Remember the first series of the game against New England when Colts quarterback Peyton Manning had to scramble and threw the deep pass that Marvin Harrison caught for a 44-yard gain? Well I'm sure you saw Dallas Clark there ready to make what appeared to be a basket catch if Harrison didn't make the catch. So who was the pass intended for? Manning told the media how the play developed -- and that it was No. 88's ball all the way:
"It was a scramble play, Marvin did a great job, I kind of rolled out to the left…and Marvin, he's coming across the field," he explained. "Part of the scramble rules is that if you can't get open across the field, go up field. And Dallas tried to intercept it from Marvin. It was to Marvin all the way, I can assure you…That was a huge play…"
As to what the Colts offense had to take into consideration as they put together their gameplan for New England last week, Manning provided this strategic insight:
"They can give you the full gamut. You know, they can give you the seven-man blitz, they can give you the eight-man coverage and they do a good job of making them all look the same. So you kind of call plays that you hope are good versus both.
"If they blitz and you can pick them up, you ought to be able to win the one-on-one. If they all come out, you might have to dump it down to the back or take a check down. They do a good job of making them all look the same. That's one of the best things is their disguises."
The Colts were a bit surprised by the frequency of the blitz early on, but they made the necessary adjustments to move the chains, even though Manning took numerous hits and three sacks on the night.
"They were definitely -- to start the game especially -- bringing it, and I thought we did a good job answering," he said. (I) hit Reggie on the post route down there on that second series. Obviously, we would've liked to have scored some touchdowns there, we had that field position and we had to settle for field goals.

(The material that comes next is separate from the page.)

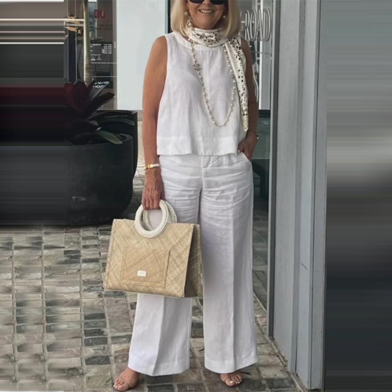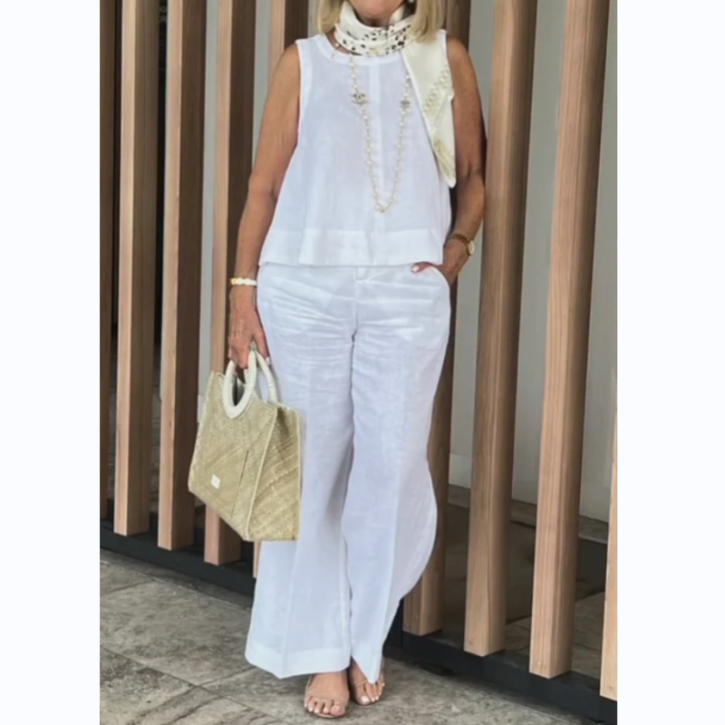 1 Suit * Women's Simple Breathable Suit - Round-Neck Sleeveless Top & Wide-Leg Pants

Critical to that success was Manning's ability to read defenses. And he gets better and better as the years have progressed. It's an attribute as a quarterback that Manning takes great pride in.

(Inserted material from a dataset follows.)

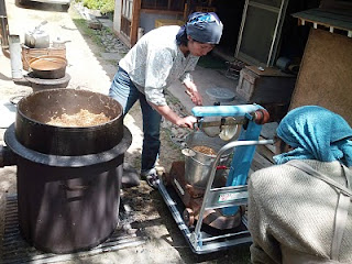 ミンサーでつぶします。いつもはモーターにベルトをかけて回すのですが、今年はモーターの調子が悪かったので手動で、手で回してつぶしました。男手もあったので十分でした。
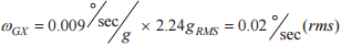 利用公式通過線性加速度參數(shù)乘以ASDF (f)曲線幅值2.24grms,可估算產生的噪聲電平為0.02°/s (rms)。此噪聲電平比通過公式5到的0.045°/s (rms)低55%,利用公式的方法未采用頻譜項評估此噪聲源。這種改善是采用頻譜項定義振動曲線以獲取值的一個示例。

"I'm pretty good at reading things. I'll pat myself on the back for that," he said. "It works both ways, offensively our runs look like our play-actions. As much as they see it, you hope they honor both. You hope they have to honor the run and that play-action's there.
"Defensively, until the ball is snapped, a lot of times you can't tell what they're going to be in, you just take your reads and take your progressions. I felt like I had a good beat of what was going on out there.
But for even the man who has become revered for his ability to dissect defenses, he admitted it's not a perfect science no matter how easy he makes it look.
"I get up there and I make a judgment, I say what I think is going to happen," he said. "Am I right? No, not always. But what you don't want to do is call a run play when they're bringing them all up or call a two-man pass pattern when they're dropping eight. You try to call plays that are good versus both -- and just read it out.
"A good example was on the first play of the series. We had a five-guys releasing play. They dropped eight in coverage, I had Joe Addai over the middle and he slips. We had the right idea there, and just didn't make that particular play. We made some plays when they were blitzing: those plays down to Marvin down the sideline, Reggie on the post, Reggie on the break in, those were good plays early to kind of help us get some points and help us get the lead."